Sully:
I've always liked the point you've made many times on here that although you don't hold it against some of these people who only bash the USGA for distance increases and all the problems it seems to create you also recognize that others should share the responsibilities for those problems---eg developers, clients, clubs etc.
The sad fact is that so many on here and elsewhere are basically just looking for someone to BLAME, and with their lack of over-all understanding about all the reasons for this over-all problem they simply find the USGA a very convenient target to blame. I say forget about the blame and just try to get to the root of the reasons these things happen.
Should the USGA, for instance, take sole responsibility for the fact that US Open set-ups are aped by so many courses that will never have anything remotely like a US Open? And that trying to mimic the USGA's Open courses that way becomes costly and corrupting of architecture in various ways?
I think, as I think you do, that the USGA should probably at least recognize this problem far more than they seem to be and having done that attempt to get to the bottom of it and make very public ALL the reasons these things happen and continue to happen.
The USGA and the Tech Center (Dick Rugge) in response to these questions and accusations against the USGA like this basically says; "Do what we say not what we do."
And in a real way they have a very good point there! They set up courses for no more than thirteen touraments, certainly most noticeably including the US OPEN for the best players in the world and the other of their championships for the best players in certain categories.

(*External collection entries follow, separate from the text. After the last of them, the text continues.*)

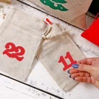 Calendrier de l'Avent, 24 pièces Pochettes en 100% coton 10 x 13 cm + accessoires de Noël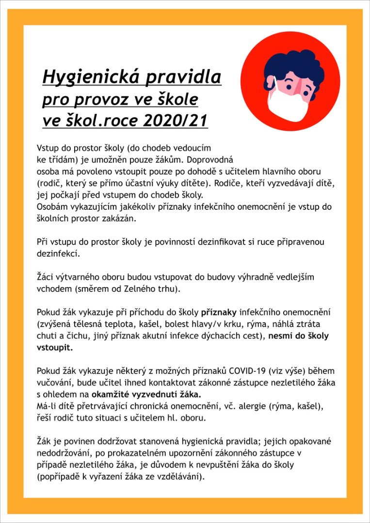 - Osobám vykazujícím jakékoliv příznaky infekčního onemocnění dýchacích cest, je vstup do školy ZAKÁZÁN.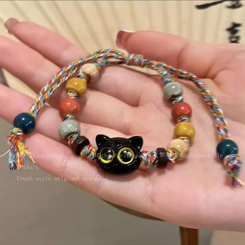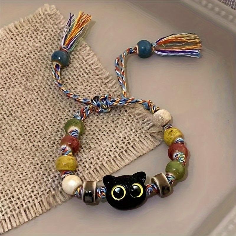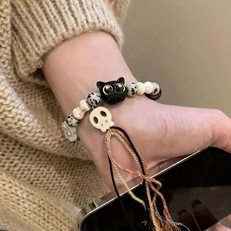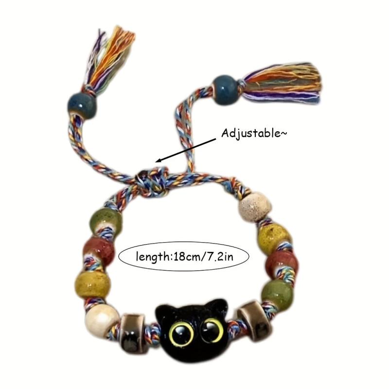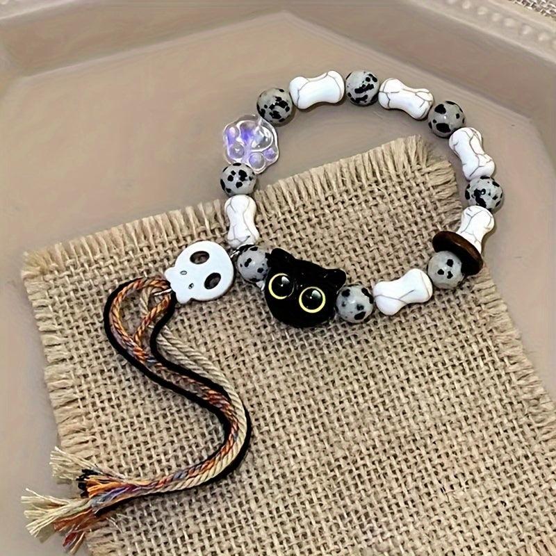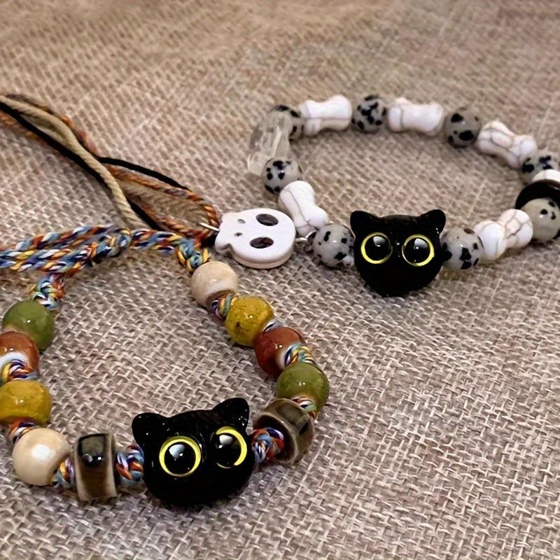 Embrace a vintage & gothic style with this ceramic bracelet featuring cat & skull charms. The colorful braided rope adds a festive touch, making it perfect for Halloween or everyday wear.

They should do a better and more vocal job of saying to the rest of golfing America; "Why do you insist on mimicing these things we do only for National Championships at your own courses day and day out? Are you holding National Championships day in and day out? Do you think your courses should be prepared as if they are when clearly they are not?"

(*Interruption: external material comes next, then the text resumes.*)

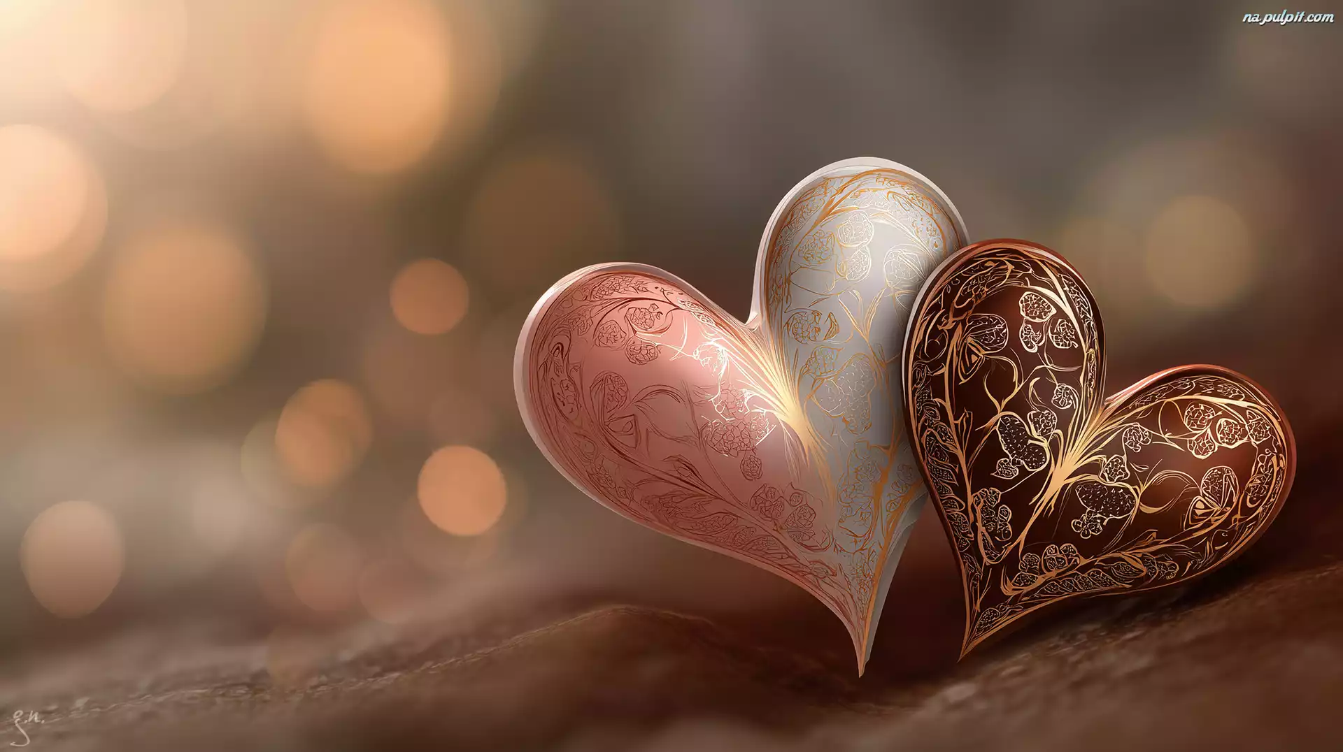 Dwa, Serca, Wzory, Grafika AI Na Pulpit

If the USGA could get this message across far more comprehensively then perhaps there would be far less people like a David Moriarty who blamethe USGA for all this as if the sky is falling when only a small group of players hit the ball that far as people like him continue to hit it only about 200 yards, as you say!
But obviously, it's just not that simple for us to say. Why do clubs take this so seriously and change their courses as they do when those types of championships will never come there?

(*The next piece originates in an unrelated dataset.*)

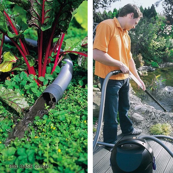 Der Oase Pondovac Classic ist ein effektiver Multifunktionssauger für Ihren Teich oder Pool. Bei der Anwendung als Teichgrundsauger entfernt er Schlamm, Laub und andere Ablagerungen am Grund Ihres Gartenteiches. Durch seinen 1400 Watt leistungsstarken Motor saugt er bis zu einer Tiefe von 2 m und ein schnelles und effektives Arbeiten ist kein Problem. Der Oase Pondovac Classic ist sofort Einsatzbereit da bereits alles im Lieferumfang enthalten ist. Mit seinen 4 unterschiedlichen Saugdüsen (Fugendüse, Algendüse, Flachdüse und variable Universaldüse) kann man leicht wechseln und somit ist keine Stelle Ihres Teiches unerreichbar. Der 4 m lange Saug- und der 2 m lange Ablaufschlauch geben Ihnen genug Manövriermöglichkeiten um leicht von jeder Position aus den Teich zu säubern – ohne ein ständiges Umhertragen. Dem Teichsauger liegt zudem noch eine Filtertüte bei um ihn auch als Trockensauger verwenden zu können.

That's a tricky question but one you and I can see the answers to every day in lockerrooms and barrooms within golf clubs all over America. Basically it's all about pride, even if it really isn't happening at most clubs. And it happens in the oddest and most trivial ways but unfortunately it can result in change and unnecessary change to golf courses.
It goes like this, and it can be this ridiculous (this is a real life example):
On our 7th hole that was reworked to up effective options (even with some added tee length) a most significant member mentioned in horror that one of the best players in this area still hit an 6-iron approach at this par 5 green and that we therefore had to do something to this hole (he mentioned adding a good deal more length). So I asked him if he knew what that player made on the hole and he said he didn't. So I asked the player and he said he made a bogie six!!
See what I mean Sully? While it's easy to just lay the blame for all this at the doorstep of the USGA it surely is a far more complex problem than just one they may've created. The reasons why these deleterious things happen to too many golf courses are certainly not just the fault of the USGA although, in my opininon, they both could and should do a much better job of explaining that to golfing America. Unfortunately when they try to do that some people they say that to just accuse them of shifting the blame and failing to take responsibility for the entire problem. In my opinion, this is not intelligent and it won't really solve the problem because it isn't recognizing all the reasons behind the problem.